··· Entries provided

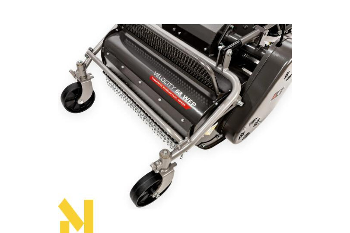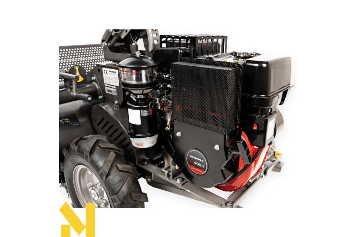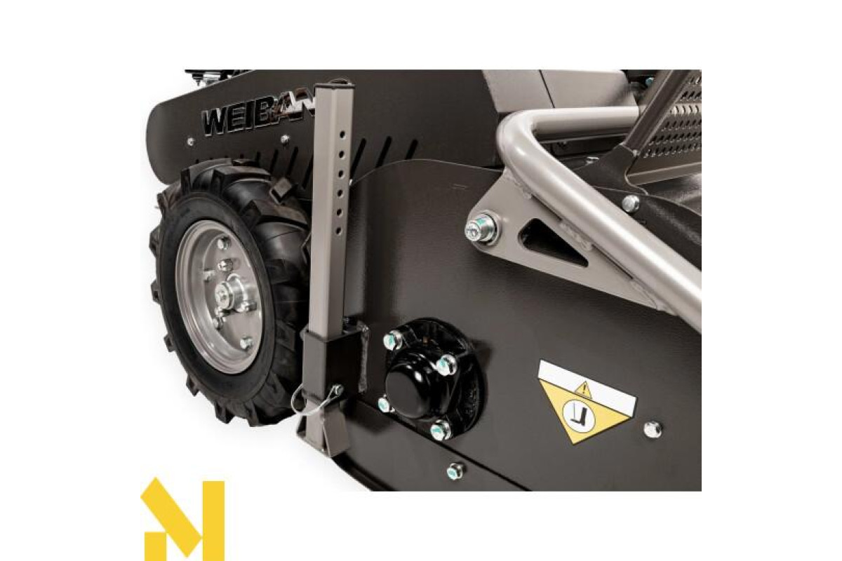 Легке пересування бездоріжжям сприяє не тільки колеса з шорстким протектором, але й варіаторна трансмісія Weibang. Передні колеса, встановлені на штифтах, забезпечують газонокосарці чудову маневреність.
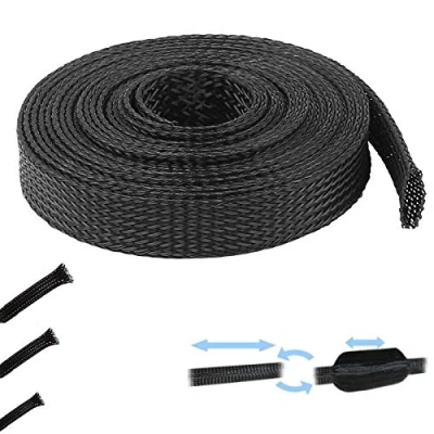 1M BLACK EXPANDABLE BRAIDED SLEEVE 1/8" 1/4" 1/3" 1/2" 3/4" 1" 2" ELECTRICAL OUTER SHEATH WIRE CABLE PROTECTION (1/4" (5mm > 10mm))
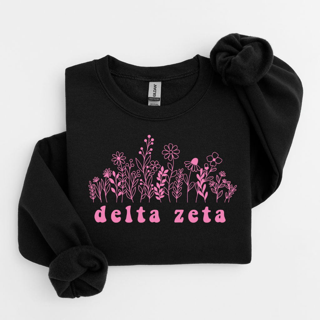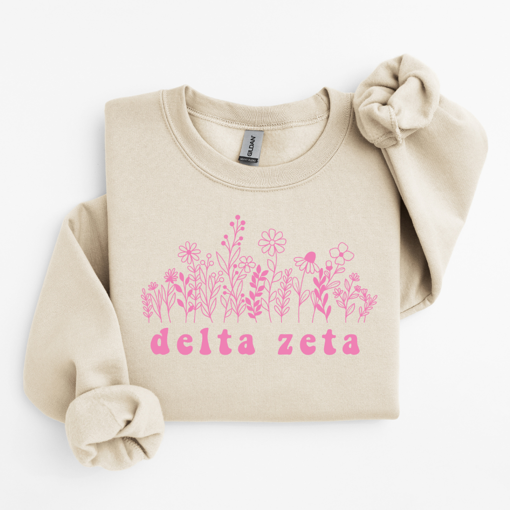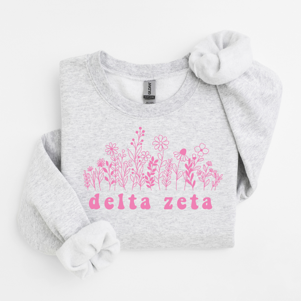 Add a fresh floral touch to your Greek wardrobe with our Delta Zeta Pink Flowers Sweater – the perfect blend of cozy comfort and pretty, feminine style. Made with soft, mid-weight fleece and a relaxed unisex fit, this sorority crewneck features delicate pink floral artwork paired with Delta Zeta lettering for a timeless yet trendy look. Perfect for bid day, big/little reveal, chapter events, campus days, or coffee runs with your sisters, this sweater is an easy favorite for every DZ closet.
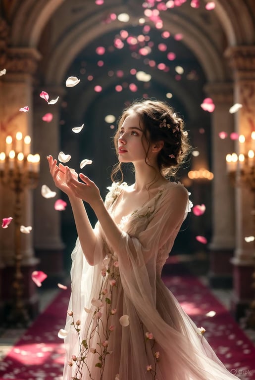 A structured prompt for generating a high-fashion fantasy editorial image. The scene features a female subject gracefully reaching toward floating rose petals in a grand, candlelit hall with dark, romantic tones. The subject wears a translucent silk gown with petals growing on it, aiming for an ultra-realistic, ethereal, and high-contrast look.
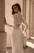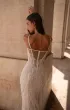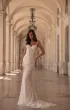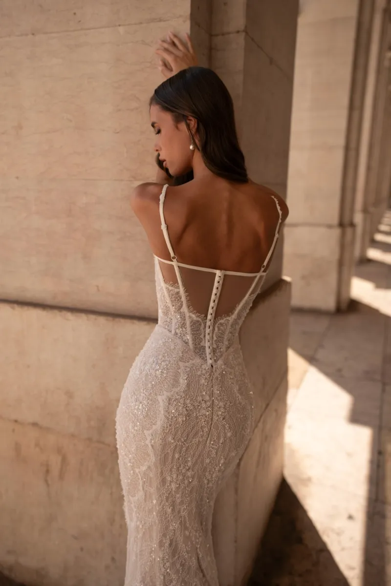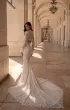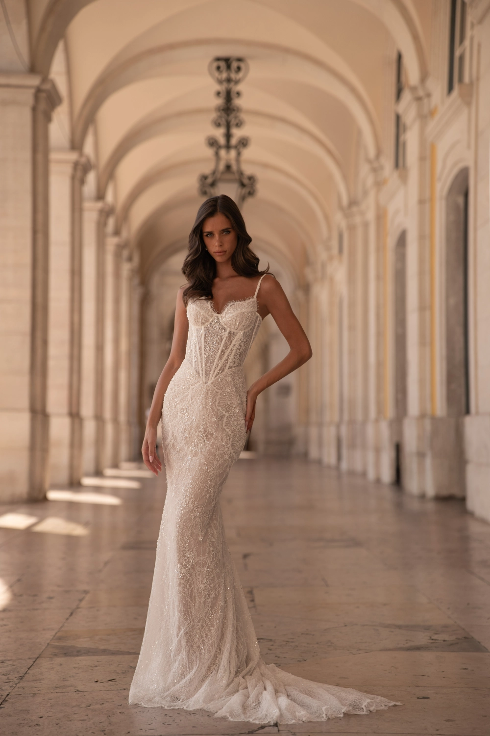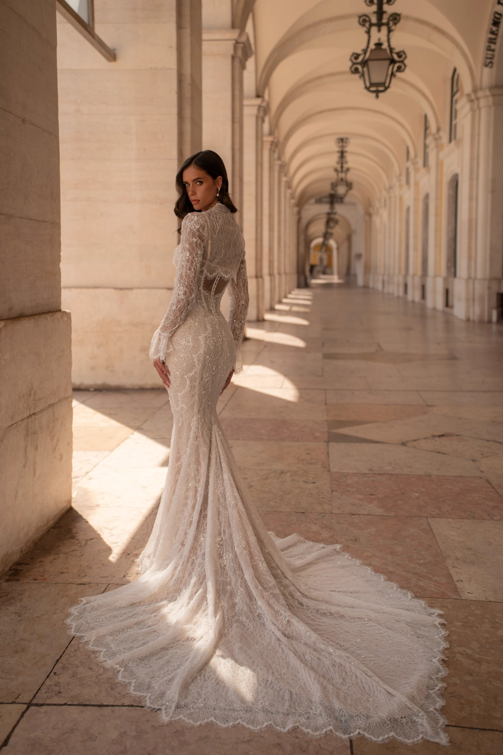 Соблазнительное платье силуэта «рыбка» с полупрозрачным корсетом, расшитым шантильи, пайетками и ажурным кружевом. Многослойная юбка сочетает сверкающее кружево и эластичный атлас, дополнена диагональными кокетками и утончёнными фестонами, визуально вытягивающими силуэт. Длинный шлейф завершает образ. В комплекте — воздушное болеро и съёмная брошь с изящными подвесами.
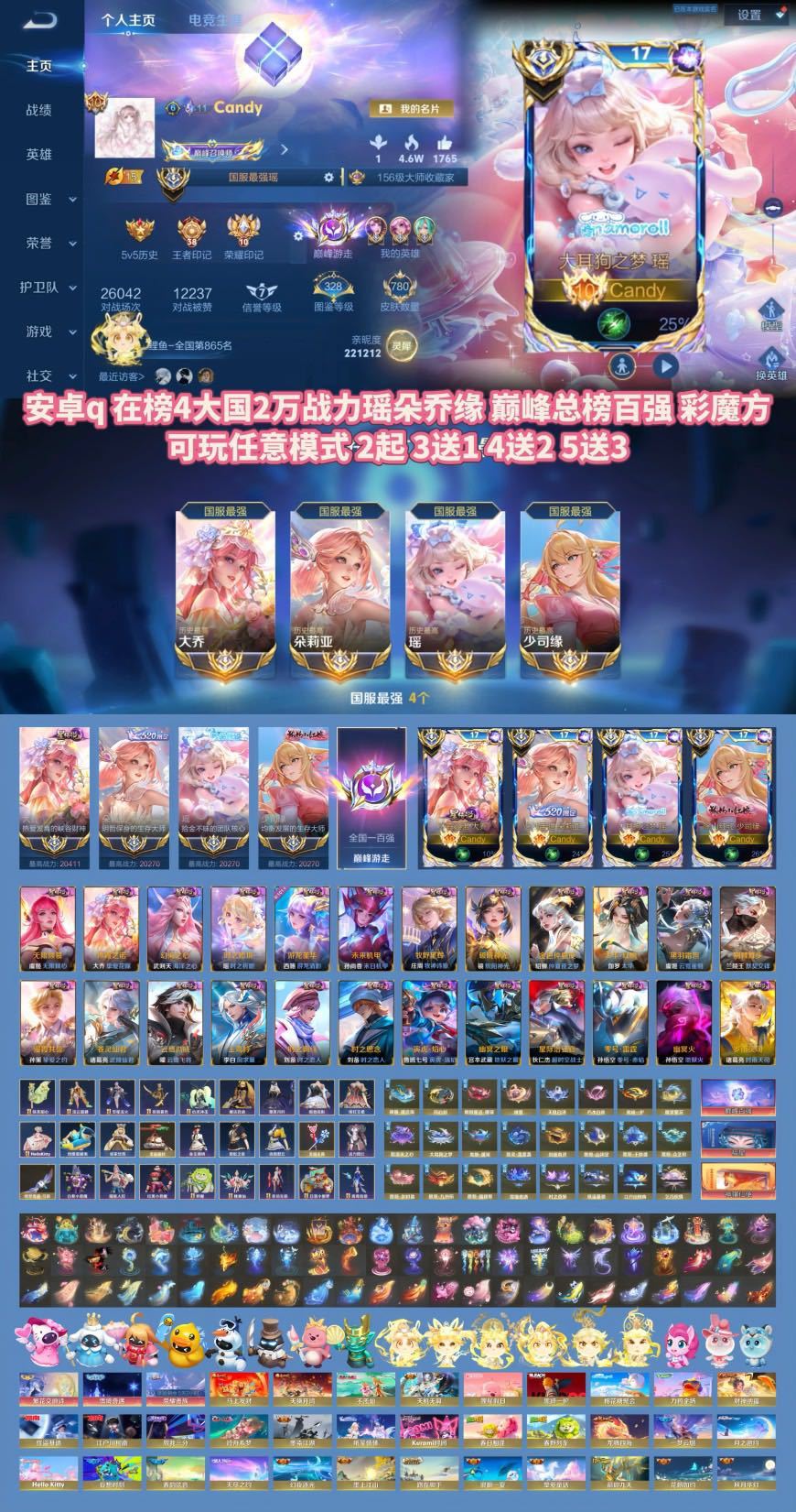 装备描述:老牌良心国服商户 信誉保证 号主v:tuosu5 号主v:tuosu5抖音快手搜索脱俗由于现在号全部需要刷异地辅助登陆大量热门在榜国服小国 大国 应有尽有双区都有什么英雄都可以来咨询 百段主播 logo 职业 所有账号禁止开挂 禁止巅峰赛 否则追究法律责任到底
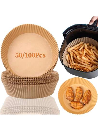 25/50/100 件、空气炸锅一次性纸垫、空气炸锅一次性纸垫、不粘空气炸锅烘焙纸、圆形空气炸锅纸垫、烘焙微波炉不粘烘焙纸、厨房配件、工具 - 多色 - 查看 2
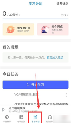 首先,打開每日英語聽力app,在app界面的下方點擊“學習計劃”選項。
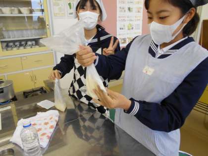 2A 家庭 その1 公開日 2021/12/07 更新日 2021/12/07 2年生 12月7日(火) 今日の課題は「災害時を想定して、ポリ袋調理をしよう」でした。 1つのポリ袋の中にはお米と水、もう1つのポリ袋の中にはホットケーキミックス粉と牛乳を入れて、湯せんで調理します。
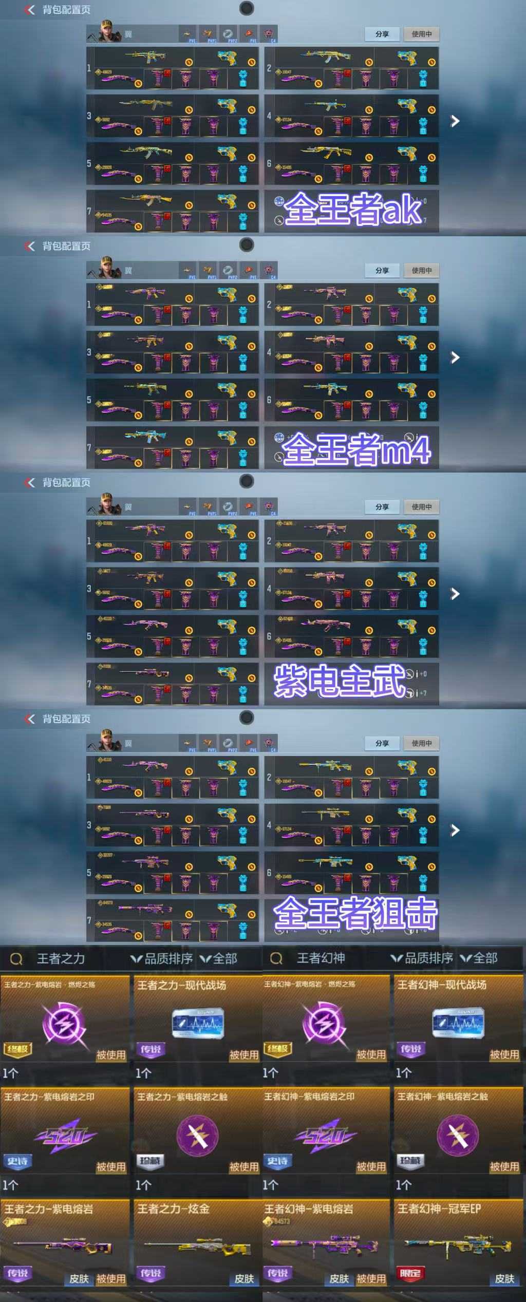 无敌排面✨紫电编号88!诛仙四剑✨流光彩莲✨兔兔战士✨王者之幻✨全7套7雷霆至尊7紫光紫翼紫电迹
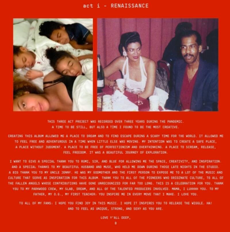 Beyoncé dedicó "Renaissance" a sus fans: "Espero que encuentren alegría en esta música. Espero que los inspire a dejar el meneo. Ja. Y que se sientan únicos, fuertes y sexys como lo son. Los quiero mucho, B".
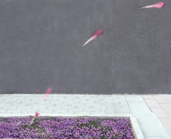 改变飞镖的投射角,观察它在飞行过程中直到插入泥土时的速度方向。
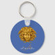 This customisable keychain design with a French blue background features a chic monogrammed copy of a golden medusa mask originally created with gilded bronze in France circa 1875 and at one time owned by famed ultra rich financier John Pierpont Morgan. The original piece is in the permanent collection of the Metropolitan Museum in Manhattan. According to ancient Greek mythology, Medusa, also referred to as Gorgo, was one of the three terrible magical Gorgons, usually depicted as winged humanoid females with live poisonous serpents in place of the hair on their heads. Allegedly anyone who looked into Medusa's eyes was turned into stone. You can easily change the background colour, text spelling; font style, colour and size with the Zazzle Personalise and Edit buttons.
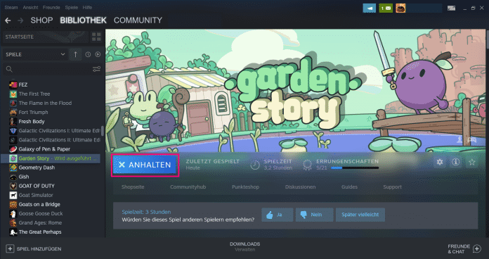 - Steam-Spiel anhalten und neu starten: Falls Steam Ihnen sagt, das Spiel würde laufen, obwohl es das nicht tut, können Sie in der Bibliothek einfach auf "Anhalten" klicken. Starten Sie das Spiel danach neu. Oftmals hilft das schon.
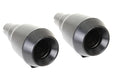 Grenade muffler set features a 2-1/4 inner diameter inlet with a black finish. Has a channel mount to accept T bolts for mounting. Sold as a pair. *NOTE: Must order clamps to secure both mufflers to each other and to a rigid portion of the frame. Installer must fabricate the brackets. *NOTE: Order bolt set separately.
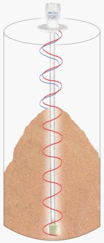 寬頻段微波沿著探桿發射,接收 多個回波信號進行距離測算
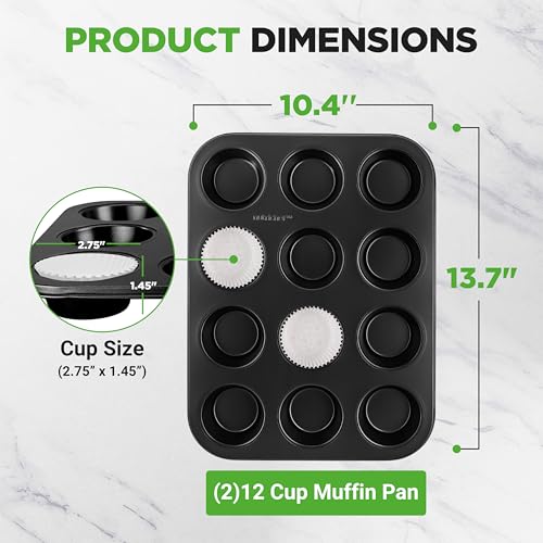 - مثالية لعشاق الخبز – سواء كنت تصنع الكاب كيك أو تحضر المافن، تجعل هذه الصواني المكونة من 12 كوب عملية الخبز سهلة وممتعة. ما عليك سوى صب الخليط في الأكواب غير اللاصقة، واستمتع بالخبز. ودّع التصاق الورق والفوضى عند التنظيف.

······

The required output is an exact copy of the lines from the start of the material above through the line containing "1M BLACK EXPANDABLE", inclusive, with no pictures in it.

§ Result:
 Легке пересування бездоріжжям сприяє не тільки колеса з шорстким протектором, але й варіаторна трансмісія Weibang. Передні колеса, встановлені на штифтах, забезпечують газонокосарці чудову маневреність.
 1M BLACK EXPANDABLE BRAIDED SLEEVE 1/8" 1/4" 1/3" 1/2" 3/4" 1" 2" ELECTRICAL OUTER SHEATH WIRE CABLE PROTECTION (1/4" (5mm > 10mm))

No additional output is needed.